I hope you can understand our position. I do not understand how any Doctor can ignore underlying physical health conditions documented in reports no matter what because every Doctor should have a duty of care. The matter of mental health being on par with physical health therefore needs to be addressed.
The other reason I object to depot injections is the fact that Elizabeth is “treatment resistant” and a poor/non metaboliser.
Prolongation of the QT Interval can cause heart arrhythmia to someone who has low blood potassium and at risk of a heart attack.
So what level of Potassium is the result?
What are the magnesium levels also and the prolactin levels? – magnesium also recorded as “low”
My daughter should not be having this drug because it is contra indicated and i am particularly concerned about the prolongation of the QT Interval.

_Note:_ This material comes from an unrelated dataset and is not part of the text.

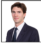
Benjamin Moore Desde Abr 19

Sociedad gestora: Threadneedle Man. Lux. S.A. Fecha de lanzamiento: 18/01/12 Índice: FTSE World Europe ex UK Grupo de comparación: Morningstar Category Europe ex-UK Equity Divisa del fondo: EUR Domicilio del Fondo: Luxemburgo Patrimonio total: €1.950,4m N.º de títulos: 39 Precio: 35,0415 Toda la información está expresada en EUR

Throughout the files Elizabeth is recorded as having an irregular heart arrhythmia. Also who exactly is responsible for the very specialised administration of this expensive drug. Risperidone was previously found to be allergic to but this has been ignored by ENFIELD? so Palperidone – metabolite highly dangerous to someone low in Potassium – prolonged QT interval – risk of heart attack. WHY IS THIS DRUG BEING PRESCRIBED ENFIELD especially in light of the following contraindications noted in bold.
Who should not take Paliperidone Palmitate Syringe?

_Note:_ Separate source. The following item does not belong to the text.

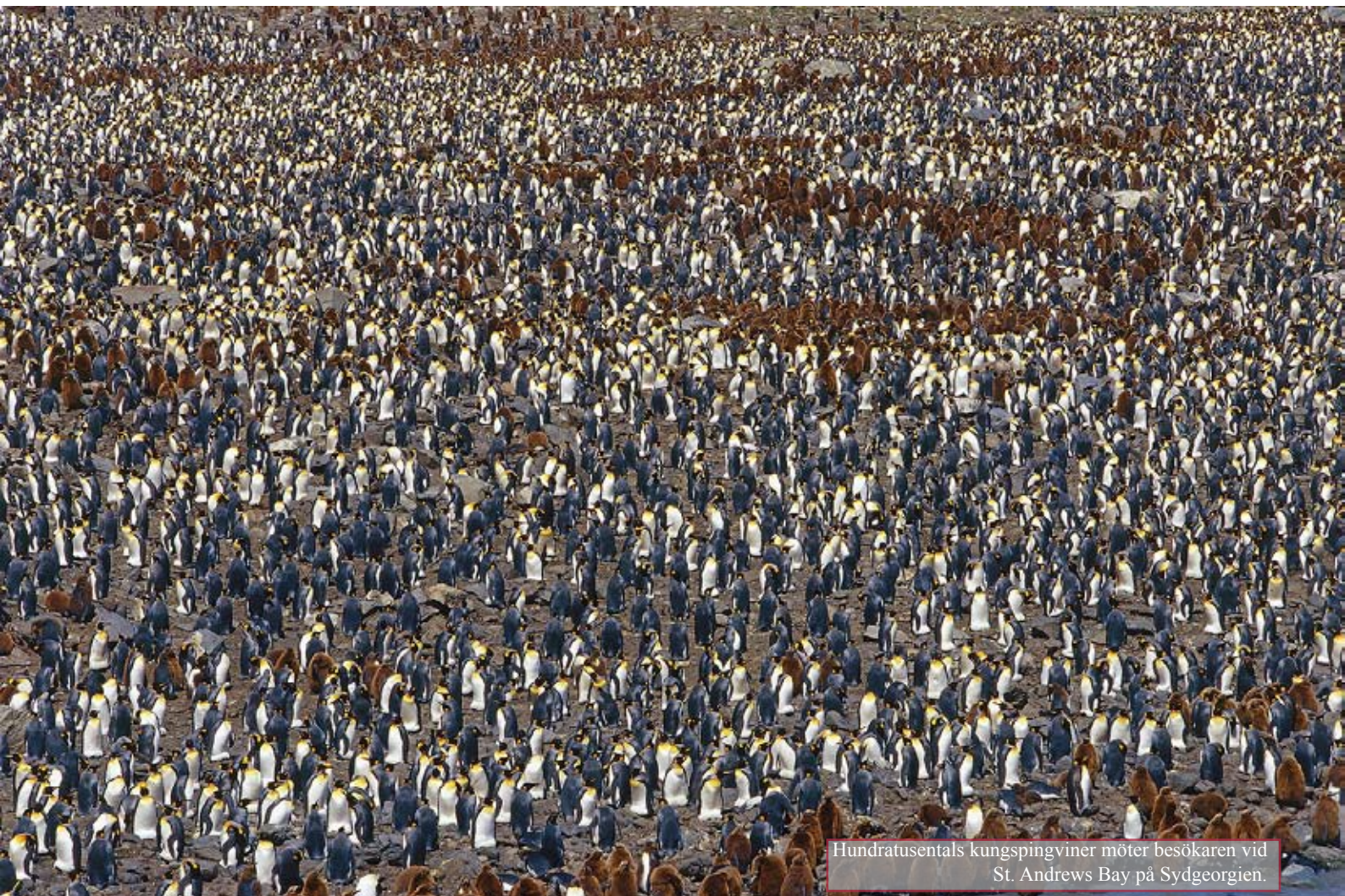
Hundratusentals kungspingviner möter besökaren vid St. Andrews Bay på Sydgeorgien.

Det är inte alla som tänker på det. Pingviner är inte en art. Det finns sjutton olika pingvinarter, de varierar i storlek och utseende och de lever i olikartade miljöer. Historiskt sett känner man faktiskt till litet över trettio arter, det största fossilet man hittat berättar om en pingvin stor som en människa och med en vikt på långt över etthundra kilo. Fast även om pingvinarterna skiljer sig åt har de en sak gemensamt, de kan inte flyga. Inte i luften i varje fall.

The following conditions are contraindicated with this drug. Check with your physician if you have any of the following: Yes Elizabeth does have as highlighted in yellow.
- breast cancer
- diabetes – not sure – has PCOS and is insulin resistant – private Endocrinology tests
- a high prolactin level
- excessive fat in the blood
- low amount of magnesium in the blood
- low amount of potassium in the blood
- very low levels of granulocytes
- a type of white blood cell
- low levels of white blood cells
- low levels of a type of white blood cell called neutrophils
- suicidal thoughts
- a type of movement disorder called parkinsonism
- tardive dyskinesia
- a disorder characterized by involuntary movements of the face
- mouth and tongue – seen that on Clozapine
- neuroleptic malignant syndrome
- a reaction characterized by fever
- muscle rigidity and confusion
- a low seizure threshold
- a heart attack
- a type of chest pain
- torsades de pointes
- a type of abnormal heart rhythm – (has suffered palpitations and tachycardia recorded in files of the Bethlem and Mews Score 3 critical)
- chronic heart failure
- abnormal EKG with QT changes from birth Not sure – were complications at birth
- a disorder of the blood vessels of the brain
- orthostatic hypotension
- a form of low blood pressure
- compression of the esophagus
- a prolonged erection of the penis
- weight gain
- susceptible to breathing fluid into lungs
- decreased blood volume
- problems with food passing through the esophagus
- metabolic syndrome x
- dementia in an elderly person I have had extensive private tests done genetic tests done that point to interesting results
- diffuse Lewy body disease
- cataract surgery Has complained of pain to eyes and index finger/joint pains like Arthrytis
- floppy iris during eye surgery
- abnormal muscle movements – yes on Clozapine
- chronic kidney disease stage 2 (mild)
- chronic kidney disease stage 3A (moderate) – thought I had seen this in the files
- chronic kidney disease stage 3B (moderate)
- chronic kidney disease stage 4 (severe)
Allergies: Used to have chronic asthma as a child
- Risperidone Analogues
I look forward to hearing from you about my main concerns on contraindications because of Xeplion (Palperidone).